Ripetere la procedura di miscelazione tra ogni pozzetto per risospendere eventuali cellule che potrebbero essersi depositate. Pipettare un solo tessuto alla volta per ogni pozzetto per garantire un volume e un numero di cellule costanti per tessuto. Separatamente, spingere due file di sensori di forza di polidimetilsilossano, o PDMS, su entrambi i lati del telaio in polisulfone per formare sei coppie di perni opposti.

Capovolgere il telaio sopra la piastra di base in modo che una coppia di montanti entri in ogni pozzetto contenente la sospensione della cella. Quindi posizionare il bioreattore in un piatto da 60 millimetri e posizionare quel piatto senza coperchio all'interno di un piatto da 10 centimetri. Posizionare il coperchio sul piatto da 10 centimetri e spostare l'intero gruppo del bioreattore nell'incubatore per colture tissutali.

Dopo due ore di incubazione, rimuovere il gruppo bioreattore e aggiungere 14 millilitri di terreno NBS per coprire la piastra di base. Rimetti il bioreattore nell'incubatore per colture cellulari e cambia metà del terreno ogni giorno. Trascorse le 48 ore, rimuovere delicatamente la piastra di base pochi millimetri alla volta.

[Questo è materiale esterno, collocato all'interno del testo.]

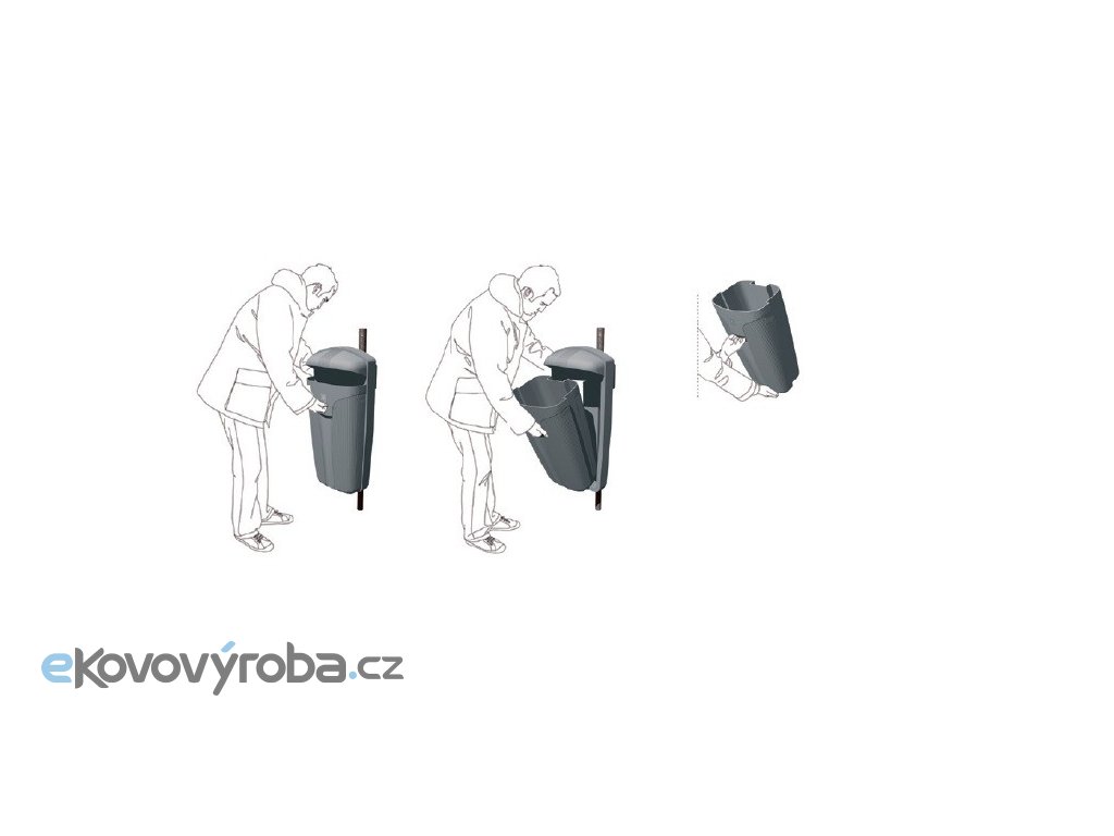 - Snadná instalace odpadkového koše na zinkovaný sloupek, sloup veřejného osvětlení apod.

Quindi riposizionare il bioreattore con il tessuto rivolto verso il basso verso il fluido. Se un fazzoletto cade da un perno durante la rimozione della piastra di base, riattaccare delicatamente il fazzoletto al perno. La differenziazione delle cellule staminali embrionali umane si traduce in una coltura mista di cardiomiociti e fibroblasti che si auto-organizzano in cluster e formano robuste ragnatele in tutta la piastra.

Lo smistamento FACS di queste colture ha rivelato che questo metodo di differenziazione si traduce in una popolazione che contiene almeno il 65% di cellule SIRP alfa positive e il 10% di cellule CD90 positive. Dopo aver rimosso la piastra di base, i tessuti cardiaci ingegnerizzati umani, o HECT, possono autoassemblarsi all'interno del bioreattore. Gli HECT maturi e compattati deviano visibilmente i perni di rilevamento della forza integrati con una media da cinque a 15 micronewton di forza.

Le misurazioni della forza di contrazione rivelano come le variabili isolate alterino la forza contrattile in questi tessuti ingegnerizzati definiti. Qui, quando i tessuti sono integrati con il 10% di cellule staminali mesenchimali umane, si osserva un sostanziale aumento della forza contrattile sia alla frequenza di stimolazione di un hertz che a quella di due hertz. Una volta padroneggiata, la differenziazione richiederà circa 20 giorni, lo smistamento cellulare circa cinque ore e la costruzione del tessuto circa tre ore.

Saranno necessari altri sette giorni per la corretta formazione dei tessuti dopo la costruzione. Seguendo questa procedura, possono essere eseguiti altri metodi, tra cui la marcatura cellulare e l'integrazione della miscela di tessuti, al fine di rispondere a ulteriori domande riguardanti gli effetti di specifiche interazioni cellula-cellula o per determinare i meccanismi della terapia cellulare. Dopo aver visto questo video, dovresti avere una buona comprensione di come creare tessuti cardiaci ingegnerizzati umani con una composizione cellulare nota e controllata.